2a01:7a0:10:158:255:214:14::/113
2a01:7a0:10:158:255:214:14:8000/113

My settings are based on CentOS 6.6 as the time of this article.

 

Part Zero: kernel

 

First thing first, tell kernel to support ipv6 by editing: /etc/sysctl.conf

comment (if there is) the below line:

# net.ipv6.conf.all.disable_ipv6=1

This mean that next time you reboot your machine, ipv6 will be enabled.
There is another way, if you dont want to reboot your vps, by running as root:


sysctl net.ipv6.conf.all.disable_ipv6=0 

 

Part One: Network

 

Edit your ifcfg-eth* files:

/etc/sysconfig/network-scripts/ifcfg-eth0

IPV6INIT=yes
IPV6ADDR=2a01:7a0:10:158:255:214:14::/123
IPV6ADDR_SECONDARIES=”2a01:7a0:10:158:255:214:14:80/123”
IPV6_DEFAULTGW=2a01:7a0:10::1

/etc/sysconfig/network-scripts/ifcfg-eth1

IPV6INIT=yes
IPV6ADDR=2a01:7a0:10:158:255:214:14:8000/113
IPV6_DEFAULTGW=2a01:7a0:10::1

PLZ dont get confused about eth0. I will circle back to this.

Restart your network:


/etc/init.d/network restart 

and verify your network settings:


 ip -6 a
 ip -6 r

 

Part Two: Firewall

 

My default policy is DROP everything and open only the ports you are running services.
Same rule applies for IPv6 too.

:INPUT DROP [0:0]
-A INPUT -i lo -j ACCEPT
-A INPUT -m state –state ESTABLISHED,RELATED -j ACCEPT
-A INPUT -p ipv6-icmp -j ACCEPT
-A INPUT -j REJECT –reject-with icmp6-adm-prohibited
:FORWARD DROP [0:0]
-A FORWARD -j REJECT –reject-with icmp6-adm-prohibited
:OUTPUT ACCEPT [0:0]

At this moment, i only accept PING6 to my VPS server.
Testing this from another machine (with ipv6 support):


 ping6 -c3 2a01:7a0:10:158:255:214:14::

and the result is something like this:

PING 2a01:7a0:10:158:255:214:14::(2a01:7a0:10:158:255:214:14:0) 56 data bytes
64 bytes from 2a01:7a0:10:158:255:214:14:0: icmp_seq=1 ttl=60 time=72.5 ms
64 bytes from 2a01:7a0:10:158:255:214:14:0: icmp_seq=2 ttl=60 time=66.9 ms
64 bytes from 2a01:7a0:10:158:255:214:14:0: icmp_seq=3 ttl=60 time=66.3 ms

— 2a01:7a0:10:158:255:214:14:: ping statistics —
3 packets transmitted, 3 received, 0% packet loss, time 2067ms
rtt min/avg/max/mdev = 66.355/68.618/72.573/2.822 ms

At this point we are very happy with our selfs (ipv6 related)!

 

Part Three: Web Server

 

What’s the point of having an ipv6 server and not apply some services on ?
Lets start with the apache web server.

I’ve split up my eth0 to /123 subnets cause i want to use different IPs for every service i have.
Thats way my eth0 is like that.

I chose the 2a01:7a0:10:158:255:214:14:80 as my ipv6 ip for my site.
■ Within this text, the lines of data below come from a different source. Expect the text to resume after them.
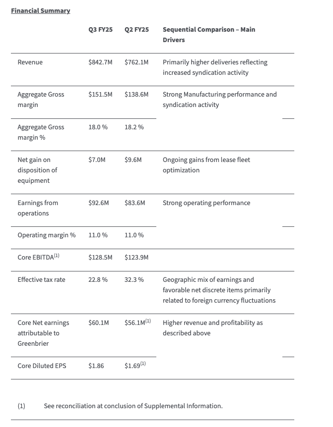 Following are highlights of Greenbrier’s third fiscal quarter 2025: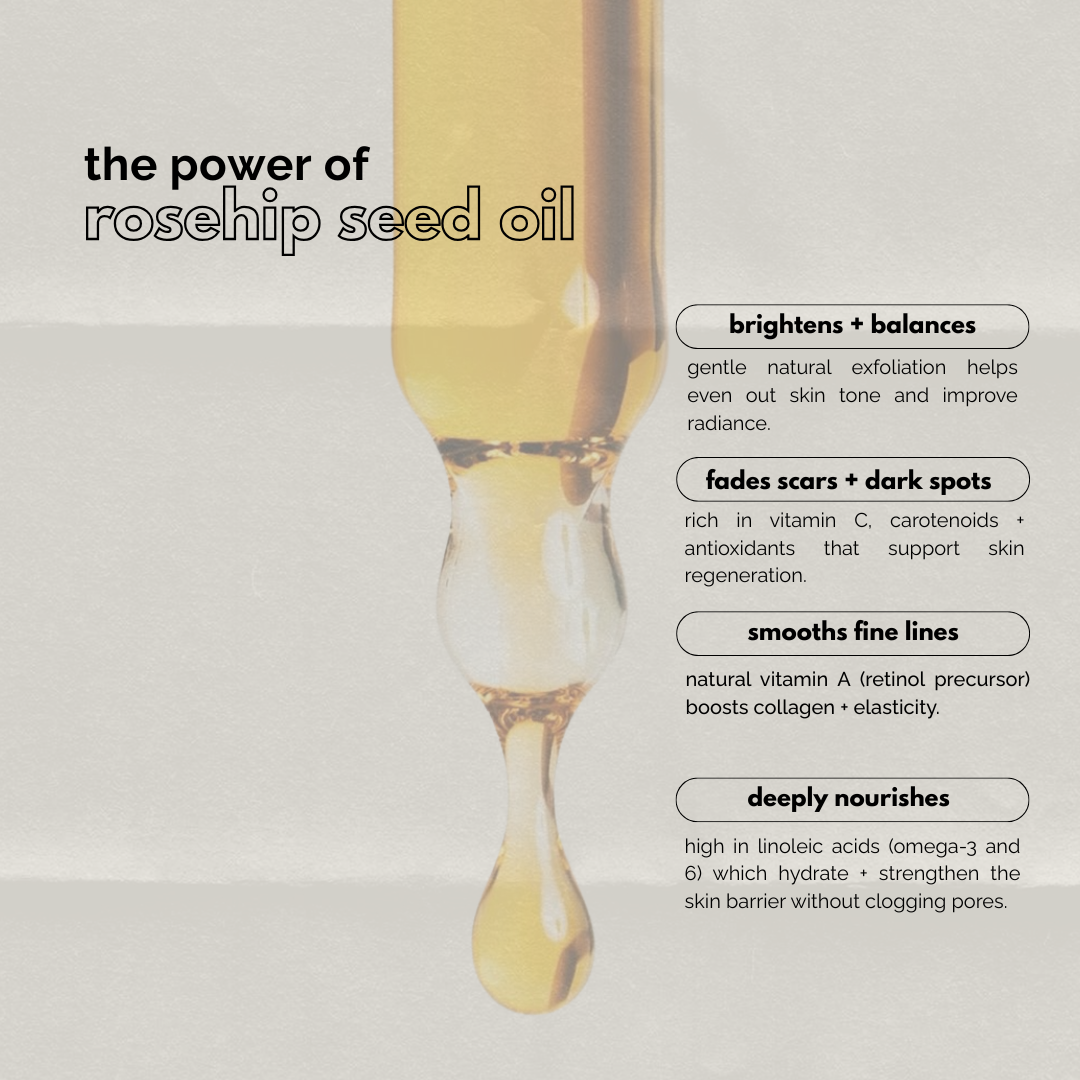Rosehip Seed Oil → Brightens, fades dark spots, promotes regeneration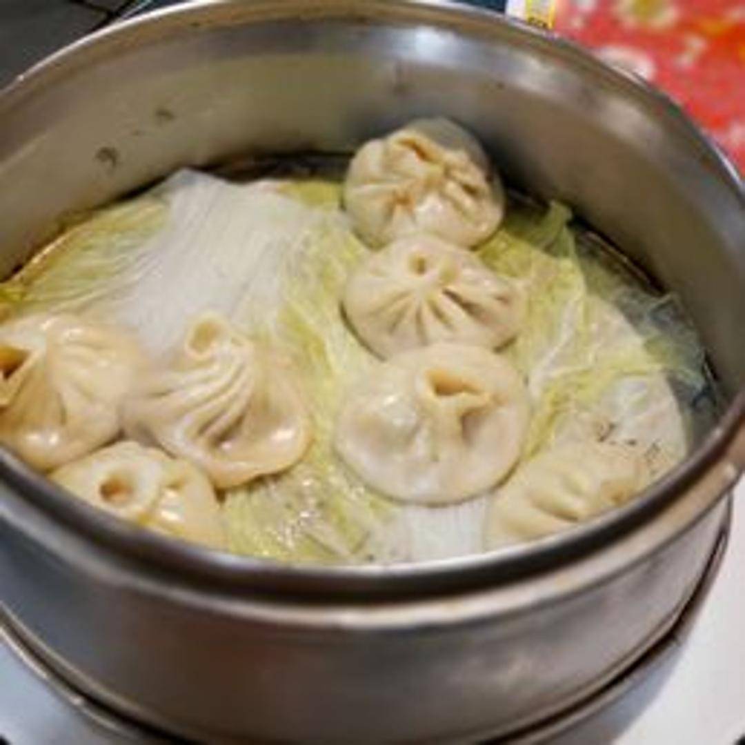 Delicately pleated dumplings, steamed to perfection, encasing a juicy and flavorful filling of seasoned ground pork and finely chopped vegetables. Served with a side of soy-ginger dipping sauce.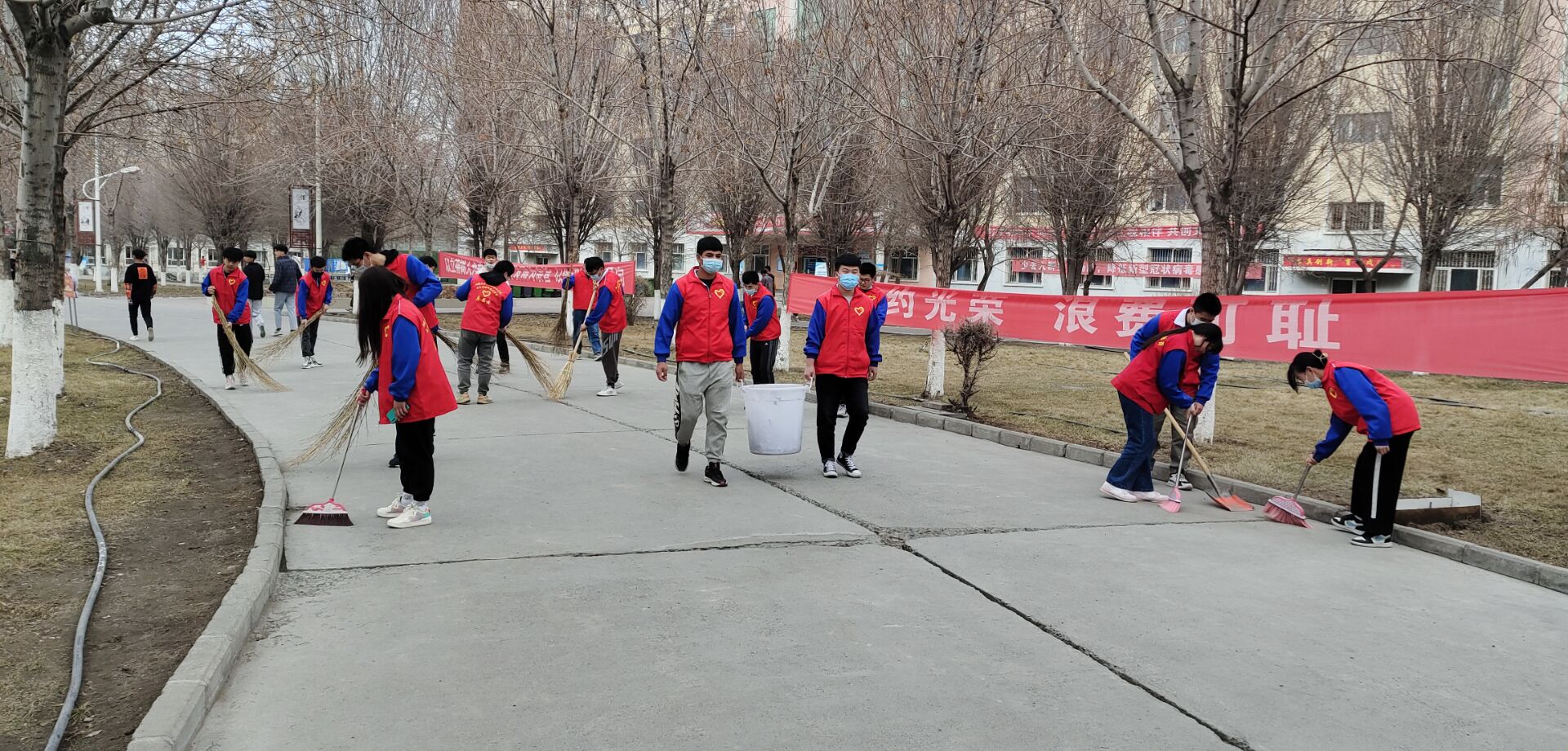 为了促进文明平安校园工作,为广大师生营造一个温馨舒适的校园环境。水建分院入团积极分子积极响应党总支和团总支的号召,于2021年3月28日,在分院俞峰书记的动员和组织下,开展了志愿者服务活动,对分院环境区域进行了卫生大扫除。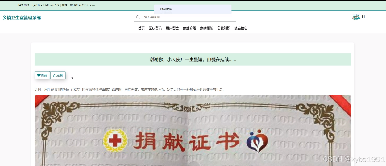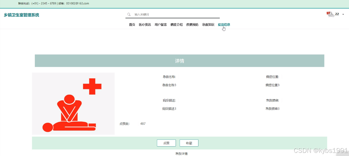 (5)急救知识:当用户点击“急救知识”这一菜单按钮,会显示管理员在后台发布的所有的急救知识,可以查看详情,进行收藏、点赞、评论等;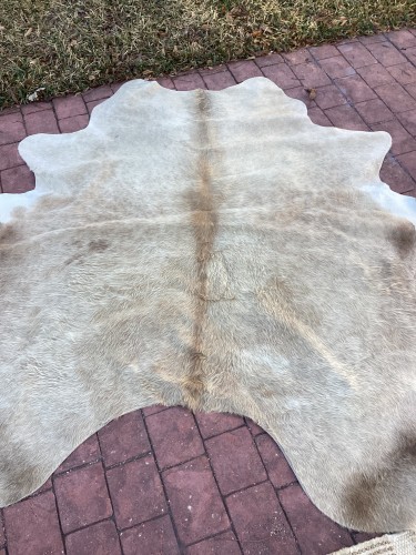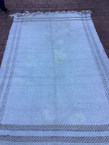 The customer required professional residential rug cleaning services for their home, specifically for a cowhide rug and a white woven area rug that had visible dirt and stains.

Our web server needs to listen to ipv6.

This is tricky cause apache on ipv6 is using : as a delimiter.
So my http changes are something like these:

Listen 158.255.214.14:80
Listen [2a01:7a0:10:158:255:214:14:80]:80

to support virtual hosts:

NameVirtualHost 158.255.214.14:80
NameVirtualHost [2a01:7a0:10:158:255:214:14:80]:80

To dual stack my site:

‹ VirtualHost 158.255.214.14:80 [2a01:7a0:10:158:255:214:14:80]:80 ›

restart your apache:


/etc/init.d/httpd restart

Dont forget to manipulate your firewall settings:

-A INPUT -m state –state NEW -m tcp -p tcp -d 2a01:7a0:10:158:255:214:14:80/123 –dport 80 -j ACCEPT

restart your firewall:


/etc/init.d/ip6tables restart

 

Part Four: DNS

 

The only thing that is left for us to do, is to add a AAAA resource record in our dns zone:

in my bind-file format zone: balaskas.gr

@ IN AAAA 2a01:7a0:10:158:255:214:14:80

you have to increment the SERIAL number in your zone and then reload your zone.
I use PowerDNS so it’s:


# pdns_control reload balaskas.gr
Ok

 

Part Five: Validate

 

To validate your dual stack web site, you use go through:

ipv6-test

 

 

UPDATE: 2015 03 23

 

 

Part Six: Mail Server

Imap Server

I use dovecot for imap server. To enable IPv6 in dovecot is really easy. You just uncomment or edit Listen parameter:

listen = *, ::

restart dovecot service and check the dovecot conf:


# doveconf | grep ^listen
listen = *, ::

I use STARTTLS, so my firewall settings should be like these:

-A INPUT -m state –state NEW -m tcp -p tcp -d 2a01:7a0:10:158:255:214:14::/112 –dport 143 -j ACCEPT

Just dont forget to restart and verify your ip6table !

SMTP Server

It’s really easy for postfix (my SMTP server) too. You just have to remember that you need to use brackets for [b]IPv6[/url].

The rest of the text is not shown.